The original blog can be found here. If you have any tips or advice that you would like to share, or you have any questions, leave a comment down below.

Finding my way around Shenzhen – Part One

I have spent the last month au pairing and studying in Shenzhen, China through a LoPair programme. I have had some incredible experiences, and have been documenting my journey through the LoPair blog. LoPair is an established au pair agency with an extensive track record on au pair placements, arrival orientations and support care. If you are interested in finding out more about the company, go here.


 

The art of using chopsticks: like all things in China, it requires focus, speed and precision. It is something I have been getting used to these past few weeks, and like the hustle and bustle of the city, it is slowly becoming a second nature to me.

My experience in the Middle Kingdom has been stimulating to say the least.

From traversing the subway system to tackling testy VPN connections, Shenzhen has not been without its challenges, but like most trials, it has also borne some satisfying ends.
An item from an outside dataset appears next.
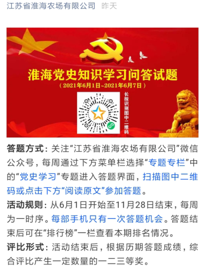淮海農(nóng)場公司黨委工作部將在每周一通過農(nóng)場公司微信公眾號平臺發(fā)布當周黨史學習教育答卷考題,分別以單選、多選、對錯題型出現(xiàn),讓大家在參與中,回顧黨的光輝歷程,謳歌黨的豐功偉績,為推動淮海高質(zhì)量發(fā)展提供有力保障。據(jù)悉,每部手機只有一次答題機會。答題結(jié)束后可以在“排行榜”一欄查看自己當期在本周本時段的排名。答題方式:關(guān)注“淮海微信公眾號”,每周通過下方菜單欄進入本周答題頁面進行答題。活動獎勵:將根據(jù)答題成績和參賽人員數(shù)量,最張產(chǎn)生出一定數(shù)量的一二三等獎。

Despite not being particularly known for their warm hospitality worldwide, the people in China have been among the friendliest that I have come across. When you walk around the city, the only danger you face is the traffic (or getting lost!) and the weather is a warm welcome, and a fine departure from the cold drizzle commonly found in Britain.

You are taken in by the vibrance and stir of the city, and by the aroma of street markets and restaurants. The city is young and fresh, and in this moment, you are one of its makers.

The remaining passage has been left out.